Kruger explained that, since the elevators in her building still didn’t work at that point, she’d been forced to walk up and down the stairs every day to get to her job at a major book publishing company — only to come home at night to an apartment without heat.

“It’s dispiriting, and the quality of life is just very poor” she said.

Kruger went on to say that while she never planned to join a rent strike that many angry tenants attempted to organize over the course of the past week, she made the choice to continue paying mainly because she believes that funds shouldn’t be withheld when they’re needed for the building to keep repairing and functioning.

Another resident, who has lived in Knickerbocker Village for 40-plus years, said that he found Tuesday’s meeting informative, but added that it should’ve happened at least a week earlier.

“And it probably only happened now because we inundated our elected officials and ended up getting all this media attention,” said the resident, who declined to give his name because he works for the city.

When asked about what the living conditions within the complex have been over the past couple of weeks, he only said, “It’s worse than being in the Army — and I’ve been in the Army.”

Ann Valentino, 64, a 35-year resident of the complex, also said that she took issue with the fact that the building’s ownership was coming out with so much information now, after withholding the details for so long.

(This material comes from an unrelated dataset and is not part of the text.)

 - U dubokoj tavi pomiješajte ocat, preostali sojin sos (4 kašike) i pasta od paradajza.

“We never saw them for the first two weeks, and now all of a sudden they’re coming with all these fliers and updates,” Valentino said. “It’s just because we stuck out, and now everyone’s watching.”

She said that her knees have been killing her after walking up and down the stairs to her 10th-floor apartment each day, but added that she and many of her neighbors were able to band together throughout the crisis in order to help those who needed supplies.

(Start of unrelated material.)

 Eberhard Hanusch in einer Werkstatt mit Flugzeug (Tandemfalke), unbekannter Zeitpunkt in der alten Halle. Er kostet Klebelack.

“I must’ve given away 15 flashlights,” Valentino said. “It was tough, but this is still a neighborhood, so we stick together.”

One person who was, in fact, impressed by Simmons’s speech on Tuesday night was Victor Papa, president of the Two Bridges Neighborhood Council, which has supported thousands of area residents — including those at Knickerbocker Village — with donations and deliveries since the storm hit.

Papa acknowledged that Knickerbocker’s ownership had initially been too tight-lipped. But he gave Simmons and AREA credit for finally admitting to their communicative shortcomings, as well as explaining the severe problems that forced them to wait so long before pumping out water from the basement.

“They redeemed themselves,” he said. “They regained my respect.”